TO DO » Starting at the line that holds "Deze mooie quinceañera-uitnodiging" and stopping at the line that holds "Нас провели к", restate the records below word for word, with both of those lines included.

DATA SHOWN »
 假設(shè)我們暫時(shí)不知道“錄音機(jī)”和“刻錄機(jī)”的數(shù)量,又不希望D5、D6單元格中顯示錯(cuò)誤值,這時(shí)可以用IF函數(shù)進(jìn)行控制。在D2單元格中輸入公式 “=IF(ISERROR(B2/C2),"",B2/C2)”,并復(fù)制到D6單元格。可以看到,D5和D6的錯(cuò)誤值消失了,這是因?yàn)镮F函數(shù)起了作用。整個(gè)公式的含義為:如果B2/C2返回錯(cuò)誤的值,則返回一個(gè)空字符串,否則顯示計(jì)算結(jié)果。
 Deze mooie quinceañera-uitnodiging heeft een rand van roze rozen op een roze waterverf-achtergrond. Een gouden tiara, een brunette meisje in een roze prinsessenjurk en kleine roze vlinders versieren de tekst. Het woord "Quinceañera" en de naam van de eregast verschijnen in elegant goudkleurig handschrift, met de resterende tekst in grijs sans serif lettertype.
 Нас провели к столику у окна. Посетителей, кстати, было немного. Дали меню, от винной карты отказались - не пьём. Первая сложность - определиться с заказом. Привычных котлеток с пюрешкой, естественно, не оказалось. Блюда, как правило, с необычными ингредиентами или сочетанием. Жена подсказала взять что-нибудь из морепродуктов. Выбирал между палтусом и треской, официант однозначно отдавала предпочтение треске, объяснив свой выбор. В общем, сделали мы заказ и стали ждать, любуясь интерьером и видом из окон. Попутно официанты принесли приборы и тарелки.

...

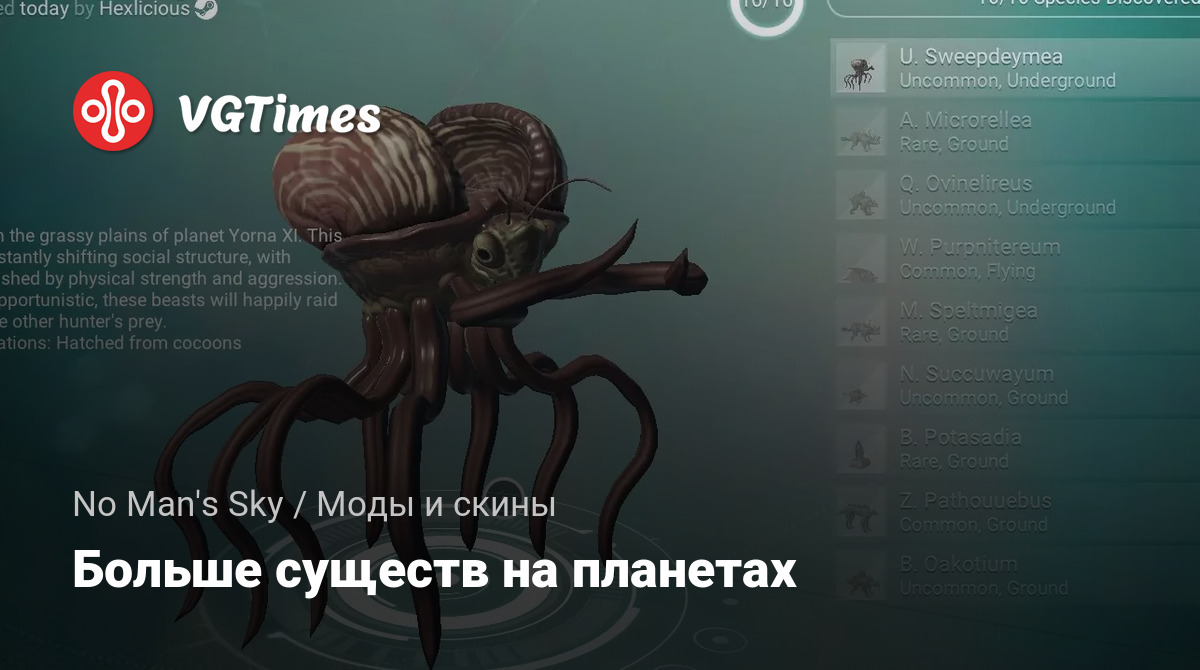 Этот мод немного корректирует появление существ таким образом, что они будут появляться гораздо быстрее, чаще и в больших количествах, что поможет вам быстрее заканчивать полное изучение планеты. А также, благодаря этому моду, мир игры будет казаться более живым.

OUTPUT FOR THIS TASK »
 Deze mooie quinceañera-uitnodiging heeft een rand van roze rozen op een roze waterverf-achtergrond. Een gouden tiara, een brunette meisje in een roze prinsessenjurk en kleine roze vlinders versieren de tekst. Het woord "Quinceañera" en de naam van de eregast verschijnen in elegant goudkleurig handschrift, met de resterende tekst in grijs sans serif lettertype.
 Нас провели к столику у окна. Посетителей, кстати, было немного. Дали меню, от винной карты отказались - не пьём. Первая сложность - определиться с заказом. Привычных котлеток с пюрешкой, естественно, не оказалось. Блюда, как правило, с необычными ингредиентами или сочетанием. Жена подсказала взять что-нибудь из морепродуктов. Выбирал между палтусом и треской, официант однозначно отдавала предпочтение треске, объяснив свой выбор. В общем, сделали мы заказ и стали ждать, любуясь интерьером и видом из окон. Попутно официанты принесли приборы и тарелки.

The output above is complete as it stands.